Buku ‘Sejarah dan Perjuangan Kyai Sholeh Darat’ mengungkap, dalam mendalami ilmu keislamannya, dimulai dari belajar kitab- kitab fiqih kepada KH M Syahid, di Pesantren Waturoyo, Margoyoso, Kajen, Pati.  

Menurut keturunan KH Sholeh Darat, KH Agus Taufiq mengungkapkan, karena keulamaan dan keilmuannya, sejumlah nama, yang kemudian juga dikenal sebagai tokoh ulama nasional, pun juga belajar kepada KH Sholeh Darat.

Seperti KH Hasyim Asy’ari (pendiri Nahdlatul Ulama) serta KH Ahmad Dahlan (pendiri Muhammadiyah). “Raden Ajeng Kartini merupakan murid KH Sholeh Darat yang berasal dari kalangan di luar kiai,” jelasnya.

KH Sholeh Darat tidak hanya dikenal sebagai ulama besar melalui keilmuan dan karya-karyanya, namun juga ulama pejuang yang mengobarkan ‘perlawanan’ kepada penjajah Belanda di Nusantara.

Hanya saja, sang kiai ini tidak berjuang dengan cara fisik melalui konfrontasi. Namun melawan penjajah Belanda dengan Fatwa. Inilah yang kemudian menjadikan aktivitas KH Sholeh Darat selalu diawasi Belanda.

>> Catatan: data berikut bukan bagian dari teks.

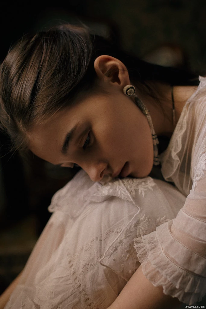 a young woman with long brown hair. She appears to be in a contemplative or sad mood, as she is looking down and resting her chin on her hand. Her attire consists of a light-colored, possibly off-white or cream-colored, dress with lace detailing at the neckline, which could suggest
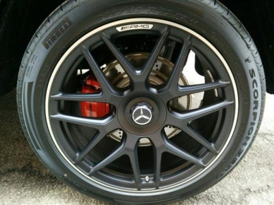 轮毂方面:这台实用的AMG最新的21吋轮毂,匹配285/55/R21的公路轮胎,加上AMG的高性能刹车。让他驰骋街道。
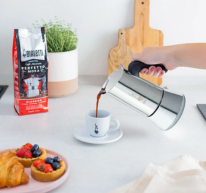 Capacity: 2 cups (85ml). With Bialetti self-cleaning security valve. A stylish stovetop coffee maker from Italy.
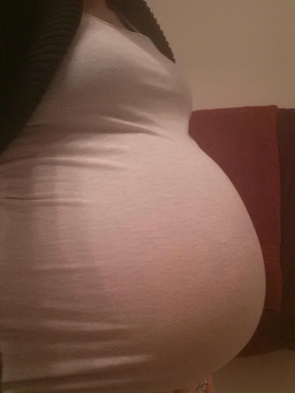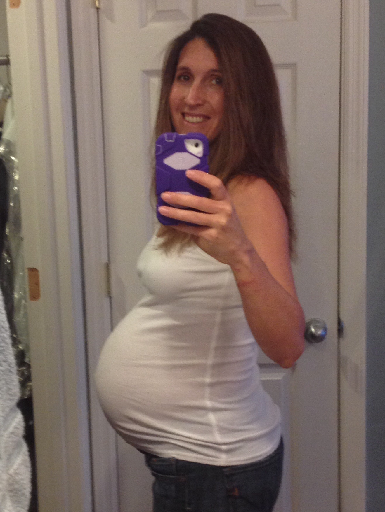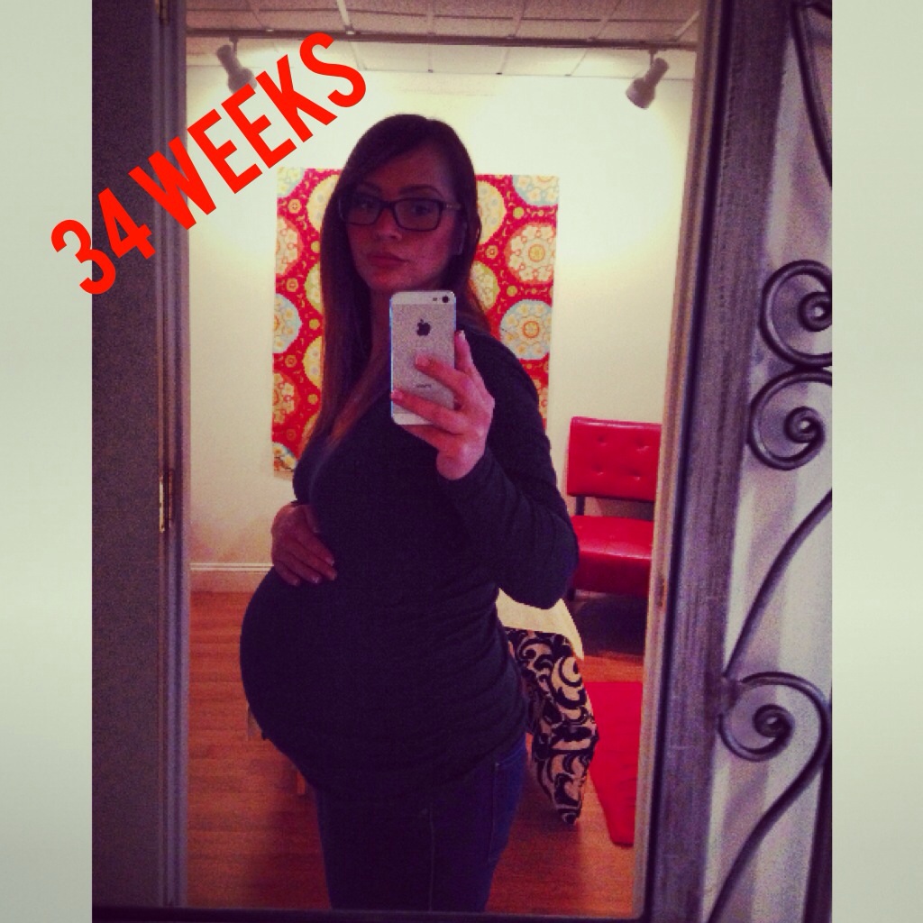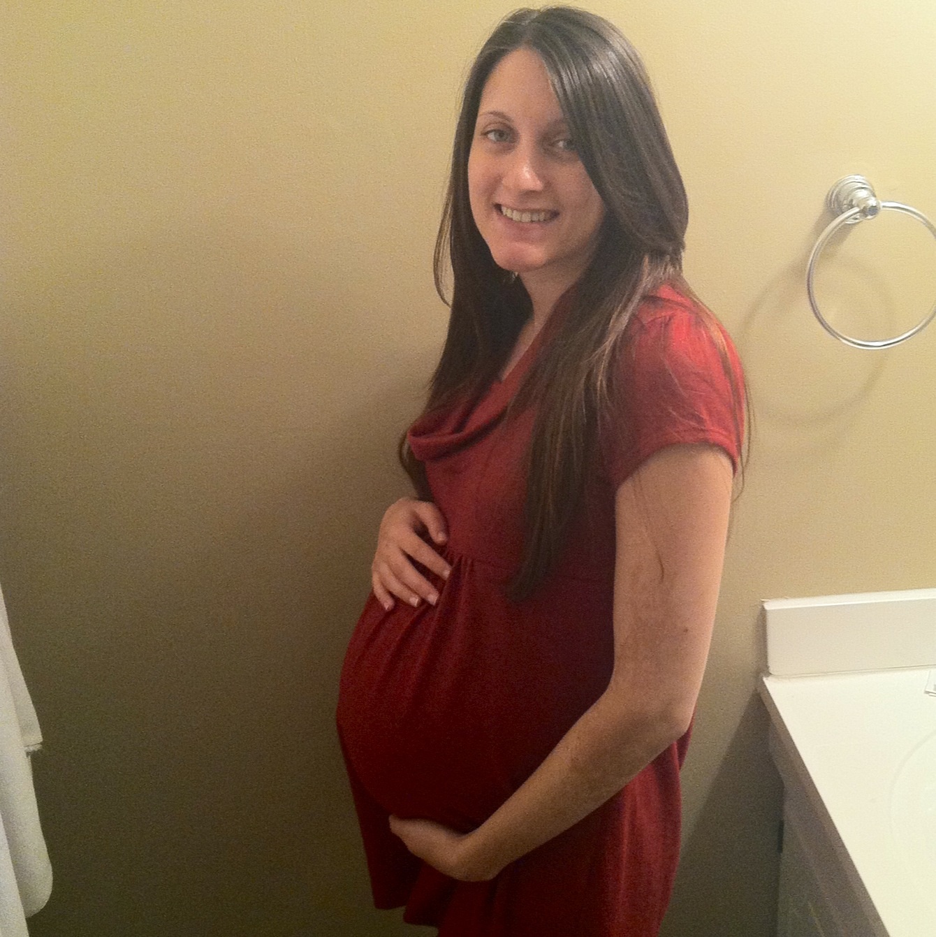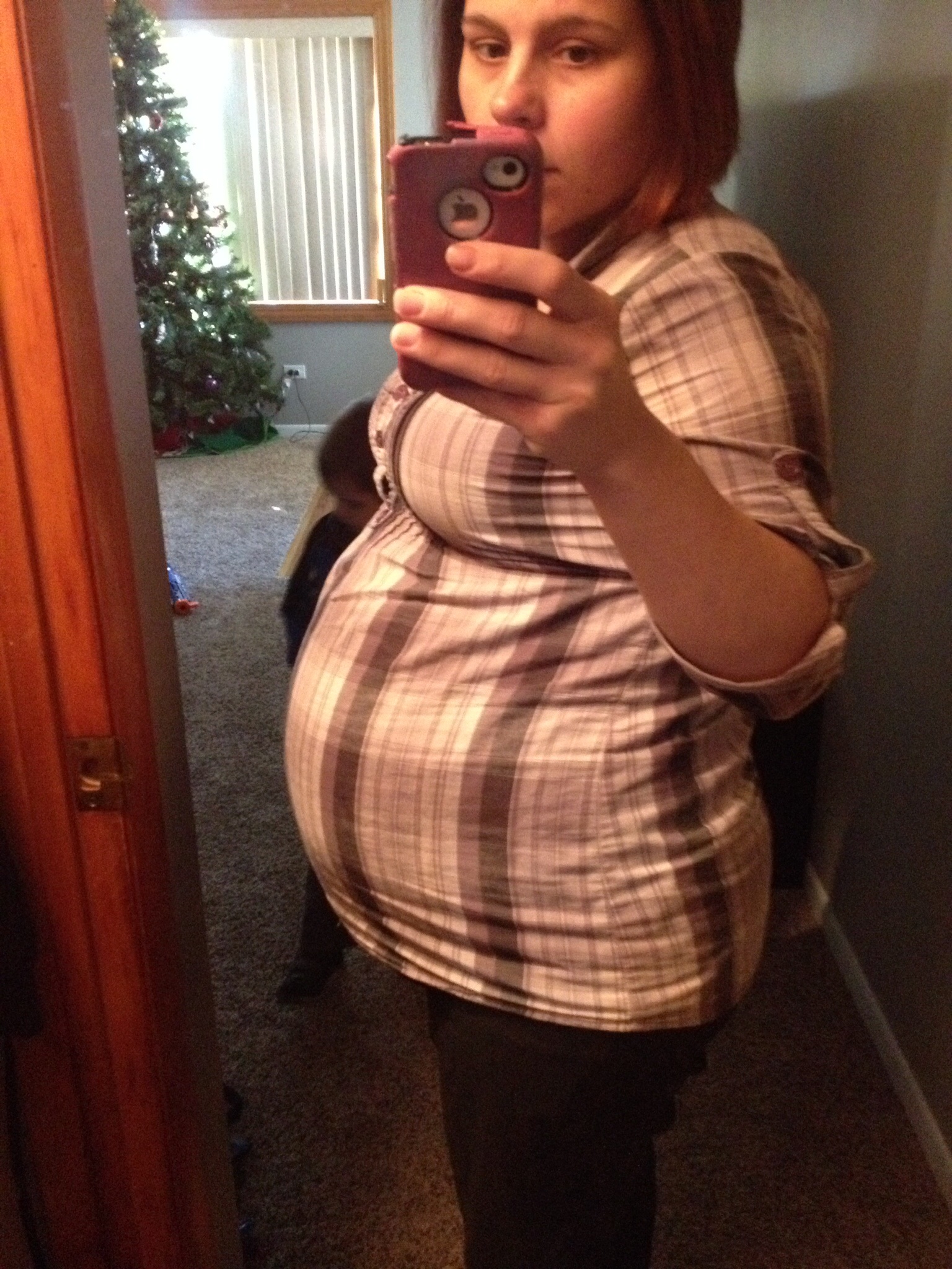 36 weeks w/ baby # 3. My shirts are getting too short but I refuse to buy more with less than 3 weeks to go. Also please excuse my puffy swollen face! You ladies look great
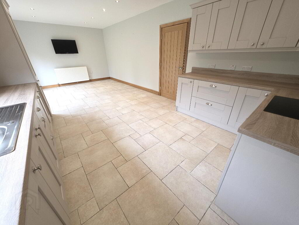 Tiled floor, extensive range of eye level and base units with worktop space over, stainless steel sink unit, tiled splashbacks, integrated hob and oven with stainless steel hood extractor fan over, integrated dishwasher, integrated fridge/freezer, recessed downlighting, 1 window, 1 radiator, tv points, power points, patio door to the rear garden
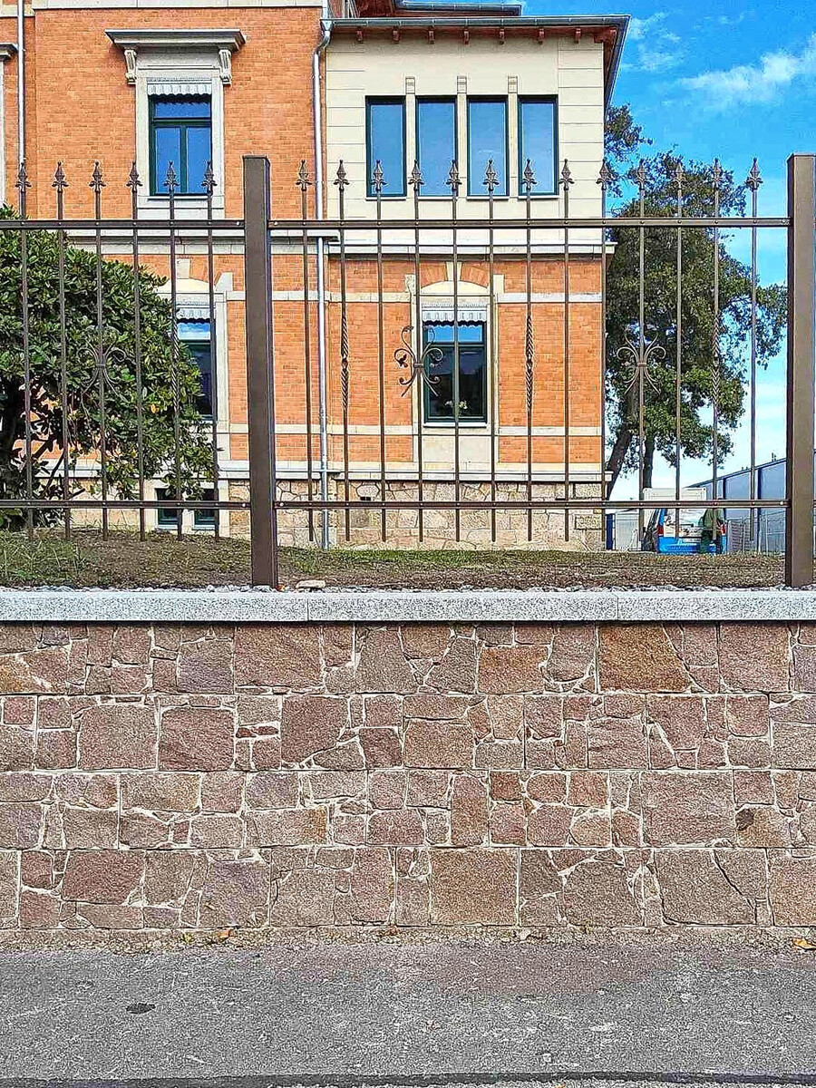 Beim Neubau einer 160 m langen Grundstücksmauer mit vorgeblendeten Mittweidaer Granitplatten stellten die straßenseitigen beengten Bedingungen und die zeitlich limitierte Verkehrsführung eine besondere bauliche Herausforderung dar. Dennoch gelang die Umsetzung mit großer handwerklicher Präzision. Ergänzt wurde die Planung durch eine 3D-Visualisierung und naturschutzkonforme Pflege des alten Baumbestands. Die Jury verleiht einen Sonderpreis für das stimmige Zusammenspiel aus Denkmalschutz, moderner Nutzung und nachhaltiger Gestaltung. Die ressourcenschonende Regenwassernutzung, die hohe Ausführungsqualität, etwa bei den Klinkerflächen, sowie das durchdachte Pflanzkonzept machen die Anlage zu einem gelungenen Beispiel zeitgemäßer Garten- und Landschaftsarchitektur mit Respekt vor der Geschichte.
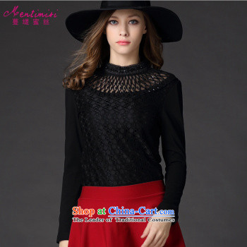 Golden Harvest large honey economy women autumn and winter to intensify the lace stitching the lint-free long-sleeved T-shirt, forming the Netherlands聽1228聽Black Large Code 4XL around 922.747 175
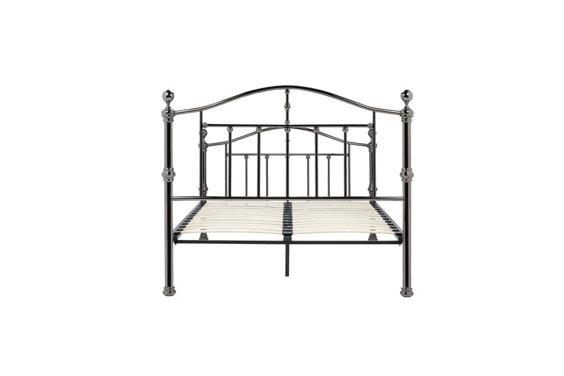 Constructed from steel, this frame is finished using an electroplating paint process and is available in black nickel. Please note that the Victoria frame has black side rails.
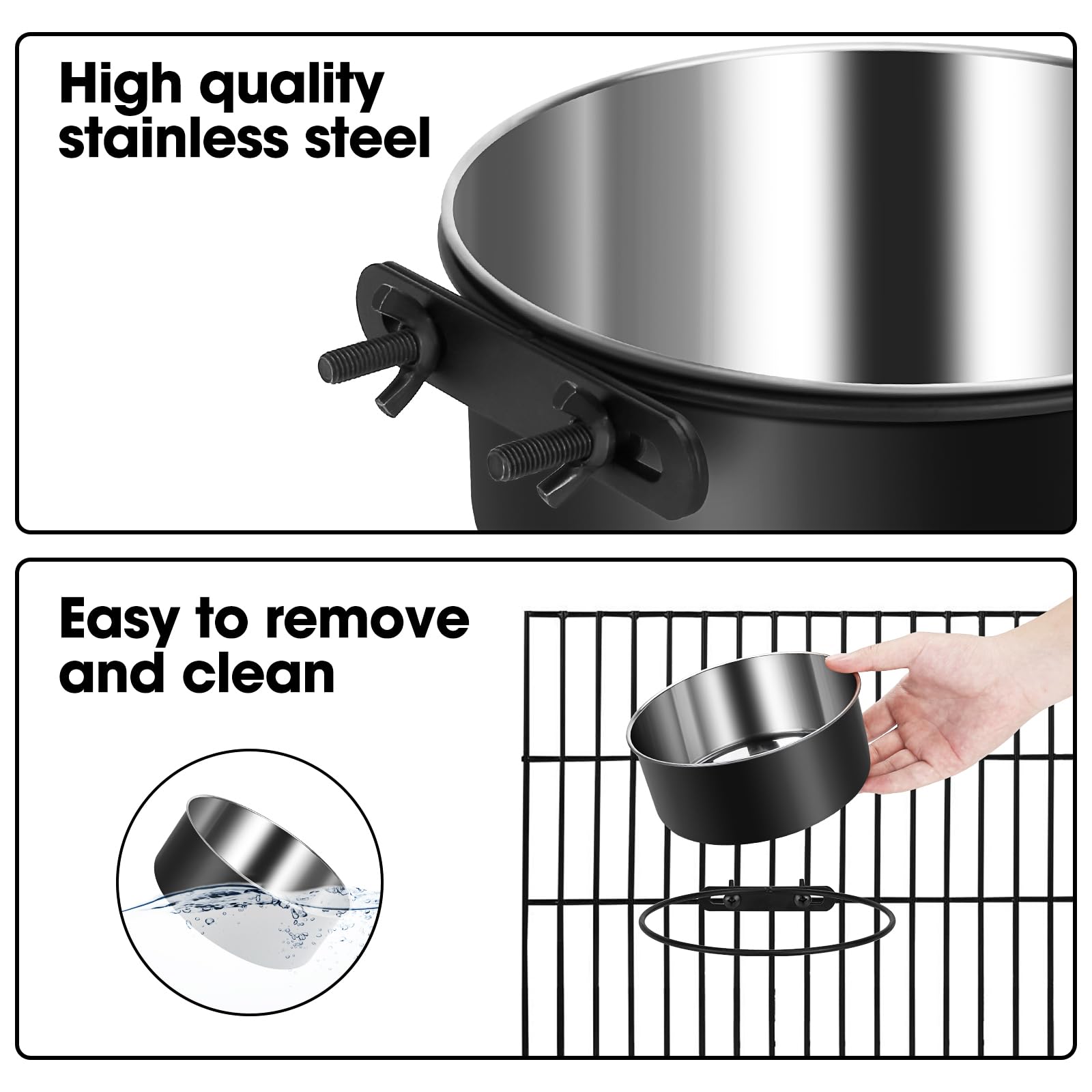 ShineMe Wassernapf Zum Aufhängen, Edelstahl, Futter- Und Wassernapf Für Hundekäfig, Kiste, Zwingernäpfe Montierbar Für Mittelgroße Und Kleine Hunde, Katzen, Haustiere (15,7 X 6,6 Cm Und 14 X 6,1 Cm

Takmir Masjid Kyai Sholeh Darat, Drs Khomsin Basri mengungkapkan, KH Sholeh Darat berjuang menggunakan fatwa agama untuk membakar perlawanan rakyat kepada Belanda saat itu.

Melalui fatwa agama ini, rakyat Indonesia diajak untuk berjuang dengan totalitas pikiran dan perbuatan. Yakni dengan menanamkan pemahaman bahwa Belanda merupakan ‘musuh’ agama (Islam).

Sehingga barang siapa yang bekerjasama atau meniru perbuatan kaum Belanda yang kafir, maka hukumnya orang tersebut adalah kafir, murtad dari Islam. “Jadi terhadap orang- orang yang berpakaian seperti belanda (bercelana, jas dan berdasi) pada masa itu, beliau tidak suka,” katanya.

Dalam buku Sejarah dan Perjuangan Kyai Sholeh Darat yang ditulis Abu Malikus Salih Dzahir, cara perlawanan dengan fatwa ini diungkapkan KH Sholeh Darat dengan tegas melalui kitab Majmu’at al-Syariat al-Khafiyah li al-‘Awam.

Bahkan ini juga menjadi inspirasi sekaligus sebagai rujukan bagi KH Hasyim Asy’ari untuk mengeluarkan resolusi jihad Nahdlatul Ulama (NU) agar mempertahankan tegaknya Negara Kesatuan Republik Indonesia dan pembakar semangat perlawanan terhadap Sekutu dan NICA pada peristiwa pertempuran 10 November 1945 di Surabaya.        

Tak hanya itu, masih jelas Khomsin, terhadap larangan diterjemahkannya Alquran yang berbahasa Arab tidak mematahkan KH Sholeh darat untuk tetap berdakwah dan mensyiarkan Islam kepada umat.

Yakni dengan strategi menerjemahkan Alquran dengan Arab Pegon. Dengan begitu bentuk perlawanan itu tidak akan bisa diketahui oleh Belanda. Namun dengan diterjemahkan ke dalam bahasa Jawa, umat akan tahu makna dari isi Alquran.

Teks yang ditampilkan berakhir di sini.